Dal quel momento, la domanda farmaco equivalente o farmaco di marca ha iniziato ad assillare non solo la comunità scientifica, ma anche quella dei medici e dei pazienti.
Negli altri paesi europei le vendite si dividono tra le due tipologie di farmaci al 50% in Italia il generico non supera il 20% dei consumi totali .

Perché?
Il capo del laboratorio di Politiche Regolatorie presso l’istituto “ Mario Negri ” di Milano è convinto che la prima ragione sia l’infelice traduzione dall’inglese “ generic ” nel mondo anglosassone significa senza marca, da noi generico significa invece qualcosa senza precise caratteristiche e che si presta a più usi.
Un’immagine davvero poco attraente. Il farmaco equivalente deve superare i medesimi test e deve presentare gli stessi requisiti di qualità del medicinale originatore.

Risparmio
Alla domanda- perché scegliere l’ equivalente?
La risposta dovrebbe essere semplice, il risparmio. Il farmaco di marca ha costi totalmente diversi, in quanto il lancio e la ricerca scientifica incidono notevolmente sul prezzo finale, costo che il generico non deve ammortizzare. Sulle basi di questo dato di fatto, è stato approvato alla Commissione Bilancio del Senato un emendamento alla spending review per incentivare l’ uso dei farmaci generici, in cui si stabilito che- il farmacista è tenuto sempre a sostituire la specialità medicinale con l’equivalente ad un prezzo più basso a meno che il medico non abbia espressamente indicato nella ricetta la non sostituibilità o salvo richiesta del paziente. L’emendamento prevede inoltre, che- il medico è tenuto ad indicare nella ricetta del Servizio Sanitario nazionale la sola denominazione del principio attivo contenuto nel farmaco. Inutile dire che tutto questo abbia sollevato consistenti polemiche, i primi a sollevarsi contro il nuovo tentativo di spingere il mercato verso i generici sono stati gli imprenditori del farmaco, le dichiarazioni di Farmaindustria sono state corpose, hanno parlato di tentato omicidio dell’ industria farmaceutica, non si sono fatte attendere le risposte di Fimming, Snami, Smi, Federfarma e Fofi.

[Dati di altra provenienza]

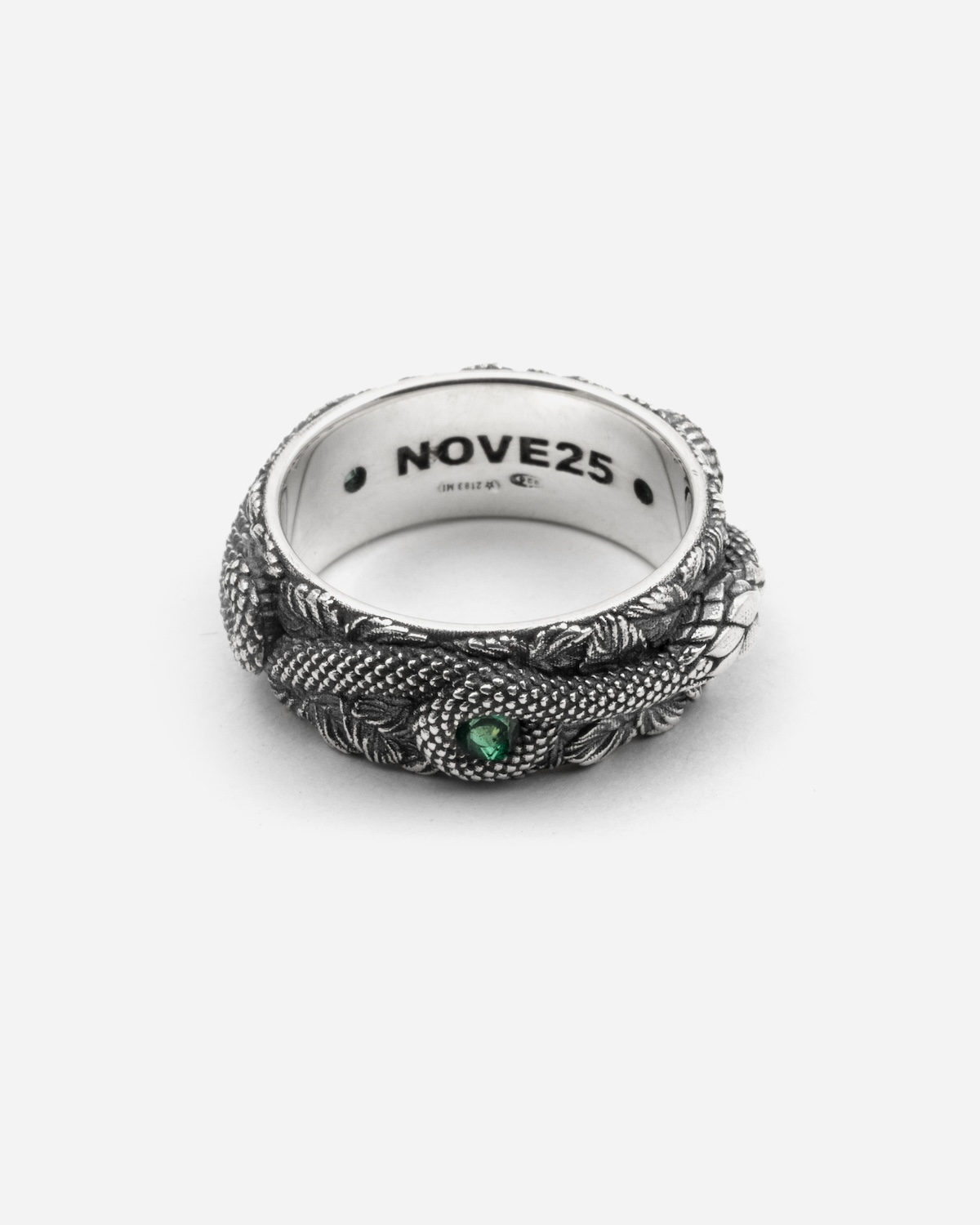 El Anillo Banda Serpiente Con Brillantes Verdes forma parte de la Colección Snake y está fabricado en plata de ley 925. Como todas las joyas Nove25 también este Anillo se diseña y fabrica íntegramente en Italia con las tecnologías más modernas y se termina a mano para garantizar el máximo cuidado en los detalles y la más alta calidad. Esta joya se presenta en un acabado Bruñido Brillante y está disponible en las siguientes tallas: 12-14-16-18-20-22.

Nella posizione opposta Giorgio Foresti di Assogenerici , secondo il quale non dovrebbe essere un mistero che nel resto d’ Europa, costino molto meno che in Italia in quanto non esiste il monopolio del farmaco di marca. Tornando al fulcro della nostra discussione i cittadini spendono 770 milioni di euro per coprire la differenza di prezzo tra l’ equivalente e il farmaco di marca a brevetto scaduto. Il Servizio sanitario risparmierebbe oltre 440 milioni di euro l’anno.